LiftOn is a homology-based genome annotation tool that uses both DNA and protein sequence alignment and that builds on Liftoff, the current leading homology-based annotation lift-over tool. LiftOn includes several key functions to create annotation: (1) It uses a protein-maximization (PM) algorithm that combines both DNA and protein sequence alignment to generate protein-coding gene annotations that maximize similarity to the reference proteins; (2) it checks alternative ORFs for truncated proteins to identify the ORF that yields the longest match to the reference protein; (3) similarly to Liftoff, it finds extra copies of protein-coding and noncoding gene copies in the target genome; (4) it reports the various types of mutations for proteins that fail to match the reference perfectly, similarly to LiftoffTools (Shumate and Salzberg 2022); and (5) it resolves issues such as overlapping gene loci and multimapping for genes within a large gene family. By combining the advantages of DNA and protein sequence alignment, LiftOn generates better protein-coding gene annotation than either alignment method can achieve on its own.

Results

In our experiments below, we demonstrate how LiftOn can yield substantial improvements in mapping annotations from one human genome, GRCh38, to another, T2T-CHM13, using three different human annotation sets: MANE (note that MANE is a high-quality annotation with one transcript for each protein-coding gene, and all MANE transcripts are contained within RefSeq and CHESS) (Morales et al. 2022), CHESS (Varabyou et al. 2023), and RefSeq (Pruitt et al. 2007). Additionally, we show that LiftOn is effective for mapping annotation between members of nonhuman species, including Mus musculus (mouse), Apis mellifera (honey bee), Arabidopsis thaliana (thale cress), and Oryza sativa (rice). To demonstrate LiftOn's effectiveness at mapping annotation between distinct but closely related species, we mapped human genes onto Pan troglodytes (chimpanzee). Finally, we illustrate that LiftOn works on more distantly related species by mapping annotation from Drosophila melanogaster to Drosophila erecta and from M. musculus to Rattus norvegicus.

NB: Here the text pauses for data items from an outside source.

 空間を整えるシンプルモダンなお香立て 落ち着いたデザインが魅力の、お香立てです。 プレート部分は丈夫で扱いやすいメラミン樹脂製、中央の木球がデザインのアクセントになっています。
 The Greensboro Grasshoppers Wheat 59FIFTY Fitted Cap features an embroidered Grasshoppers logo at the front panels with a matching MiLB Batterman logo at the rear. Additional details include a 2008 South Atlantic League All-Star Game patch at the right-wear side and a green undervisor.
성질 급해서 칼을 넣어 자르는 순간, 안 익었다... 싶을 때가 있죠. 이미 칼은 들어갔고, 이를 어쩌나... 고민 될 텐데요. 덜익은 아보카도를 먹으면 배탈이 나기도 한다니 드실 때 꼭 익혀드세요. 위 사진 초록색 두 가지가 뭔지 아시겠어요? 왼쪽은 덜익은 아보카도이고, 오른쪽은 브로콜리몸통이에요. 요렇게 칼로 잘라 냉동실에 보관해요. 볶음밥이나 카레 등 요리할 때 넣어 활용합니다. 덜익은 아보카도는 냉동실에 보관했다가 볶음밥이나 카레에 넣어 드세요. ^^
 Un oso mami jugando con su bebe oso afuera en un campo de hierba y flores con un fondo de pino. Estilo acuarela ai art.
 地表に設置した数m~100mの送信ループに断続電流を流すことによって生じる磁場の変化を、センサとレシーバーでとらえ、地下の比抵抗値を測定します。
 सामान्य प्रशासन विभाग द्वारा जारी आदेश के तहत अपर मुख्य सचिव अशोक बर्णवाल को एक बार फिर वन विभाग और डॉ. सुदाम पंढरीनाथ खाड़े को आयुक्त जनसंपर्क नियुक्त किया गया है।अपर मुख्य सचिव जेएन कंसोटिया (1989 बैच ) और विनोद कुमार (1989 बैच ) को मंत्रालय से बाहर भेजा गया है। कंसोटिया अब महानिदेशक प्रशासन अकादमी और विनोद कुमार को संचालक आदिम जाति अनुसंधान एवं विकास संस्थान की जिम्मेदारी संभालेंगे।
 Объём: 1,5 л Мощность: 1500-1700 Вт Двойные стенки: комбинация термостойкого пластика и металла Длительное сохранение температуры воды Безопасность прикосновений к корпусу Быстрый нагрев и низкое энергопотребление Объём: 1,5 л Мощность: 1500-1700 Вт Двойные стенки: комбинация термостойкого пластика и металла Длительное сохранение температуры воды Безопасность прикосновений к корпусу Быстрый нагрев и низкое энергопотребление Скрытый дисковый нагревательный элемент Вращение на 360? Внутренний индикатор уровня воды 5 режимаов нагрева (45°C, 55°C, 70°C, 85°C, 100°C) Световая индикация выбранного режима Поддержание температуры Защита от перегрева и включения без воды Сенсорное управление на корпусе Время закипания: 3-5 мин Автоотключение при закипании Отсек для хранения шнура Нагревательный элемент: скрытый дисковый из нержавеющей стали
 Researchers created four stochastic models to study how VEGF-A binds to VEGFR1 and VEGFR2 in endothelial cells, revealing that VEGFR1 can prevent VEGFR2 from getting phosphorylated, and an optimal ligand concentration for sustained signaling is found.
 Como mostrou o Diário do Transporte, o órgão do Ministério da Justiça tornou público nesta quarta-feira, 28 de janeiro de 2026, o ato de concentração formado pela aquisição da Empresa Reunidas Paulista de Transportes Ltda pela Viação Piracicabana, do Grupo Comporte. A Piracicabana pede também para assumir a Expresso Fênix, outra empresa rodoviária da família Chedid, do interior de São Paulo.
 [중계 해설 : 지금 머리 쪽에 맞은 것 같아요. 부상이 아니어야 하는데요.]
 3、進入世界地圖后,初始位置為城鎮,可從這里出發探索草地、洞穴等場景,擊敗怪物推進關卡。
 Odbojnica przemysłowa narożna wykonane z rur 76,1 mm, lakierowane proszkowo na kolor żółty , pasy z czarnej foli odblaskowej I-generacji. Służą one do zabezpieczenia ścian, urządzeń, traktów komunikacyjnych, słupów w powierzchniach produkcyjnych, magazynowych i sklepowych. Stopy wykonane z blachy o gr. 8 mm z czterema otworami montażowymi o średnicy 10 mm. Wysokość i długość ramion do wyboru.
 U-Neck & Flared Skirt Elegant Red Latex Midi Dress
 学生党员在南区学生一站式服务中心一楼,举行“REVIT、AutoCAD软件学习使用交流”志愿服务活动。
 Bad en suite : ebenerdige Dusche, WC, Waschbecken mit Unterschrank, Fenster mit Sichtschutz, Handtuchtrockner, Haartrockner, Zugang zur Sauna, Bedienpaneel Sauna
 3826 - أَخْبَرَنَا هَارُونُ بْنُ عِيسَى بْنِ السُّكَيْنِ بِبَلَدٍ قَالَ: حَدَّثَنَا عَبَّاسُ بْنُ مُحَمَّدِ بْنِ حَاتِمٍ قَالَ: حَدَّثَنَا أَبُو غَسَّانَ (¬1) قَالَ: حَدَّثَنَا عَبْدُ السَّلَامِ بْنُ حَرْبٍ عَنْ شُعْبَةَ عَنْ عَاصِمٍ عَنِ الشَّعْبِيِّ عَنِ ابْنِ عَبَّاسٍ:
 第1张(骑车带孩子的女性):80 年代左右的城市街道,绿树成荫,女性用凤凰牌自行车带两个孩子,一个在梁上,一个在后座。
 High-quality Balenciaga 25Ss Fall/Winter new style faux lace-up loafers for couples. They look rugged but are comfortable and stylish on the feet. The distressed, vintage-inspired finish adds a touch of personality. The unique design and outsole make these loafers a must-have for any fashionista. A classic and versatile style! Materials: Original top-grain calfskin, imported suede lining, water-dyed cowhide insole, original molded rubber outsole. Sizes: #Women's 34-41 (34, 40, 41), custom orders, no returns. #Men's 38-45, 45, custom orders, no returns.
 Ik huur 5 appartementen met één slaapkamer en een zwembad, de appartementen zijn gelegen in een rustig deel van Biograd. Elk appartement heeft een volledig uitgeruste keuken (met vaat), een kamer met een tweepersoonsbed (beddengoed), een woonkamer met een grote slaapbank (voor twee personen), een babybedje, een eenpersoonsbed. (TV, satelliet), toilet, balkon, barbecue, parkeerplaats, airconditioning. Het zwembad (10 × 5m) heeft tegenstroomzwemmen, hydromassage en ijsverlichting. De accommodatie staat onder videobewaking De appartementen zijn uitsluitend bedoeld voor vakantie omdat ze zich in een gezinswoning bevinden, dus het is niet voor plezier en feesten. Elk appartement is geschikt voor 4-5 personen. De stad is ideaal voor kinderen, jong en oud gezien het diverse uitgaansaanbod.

A two-step PM algorithm to improve protein-coding gene annotations

LiftOn implements a two-step PM algorithm (illustrated in Fig. 1 and discussed in more detail in Methods) to find the best annotations at protein-coding gene loci. First, it uses a chaining algorithm, described below, to find the exon–intron boundaries of protein-coding transcripts. Second, if the CDS does not preserve the entire protein sequence of the reference protein, it adjusts the CDS boundaries to preserve as much of the reference protein as possible (note that CDS features are defined as the coding portions of exons, from start to stop, and excluding untranslated portions of exons).

Figure 1.

The protein-maximization (PM) algorithm consists of two modules: (AE) the chaining algorithm and (FK) the open reading frame (ORF) search algorithm. (A) Matched protein-coding transcripts mapped by Liftoff (green) and miniprot (orange) at the same location in a target genome. The transcript in blue represents the correct transcript annotation on the target genome. Liftoff's mapping has an erroneous splice junction between L3 and L4, whereas miniprot's mapping has a missing splice junction in M6. (B) Pairwise alignment results of the proteins mapped by Liftoff and miniprot to the reference protein. The figure shows a premature stop codon in the Liftoff protein, and the miniprot alignment has a mismatched protein sequence at the end. (C) Pairwise alignment mappings with added exon/CDS boundaries. (D) CDSs are grouped based on the cumulative lengths of the amino acids in the reference protein as described in the main text. In this example, CDSs are organized into groups: GL1={L1}, GM1={M1}, GL2={L2}, GM2={M2}, GL3={L3,L4}, GM3={M3,M4}, GL4={L5}, GM4={M5}, GL5={L6,L7}, and GM5={M6}. The chaining algorithm iterates through each group, comparing the corresponding partial protein sequences to the reference protein and chaining those with higher protein sequence identity. (E) In this example, GL1, GL2, GM3, GL4, and GL5 are chained, forming the new protein-coding transcript CDS list. This list includes L1, L2, M3, M4, L5, L6, and L7 in the LiftOn annotation. (FK) Schematic diagrams illustrating how the ORF search algorithm handles various types of sequence mutations. This process leads to changes in the gene annotation of both translated and untranslated regions (UTRs). (F) A frameshift mutation is a variation caused by the insertion or deletion of a sequence of nucleotides whose length is not divisible by three. In this example, the indel introduces a premature stop codon. (G,H) Point mutations leading to premature stop codons. LiftOn searches for the longest ORF, considering two scenarios: G depicts the selection of the first encountered stop codon, and H illustrates the switch to the downstream start codon. (I) Stop codon loss. When a stop codon is deleted, LiftOn identifies a new stop codon in the 3′ UTR. (J,K) Start codon loss. In this scenario, LiftOn searches for a new start codon, exploring both downstream in the coding region (J) and upstream in the 5′ UTR (K).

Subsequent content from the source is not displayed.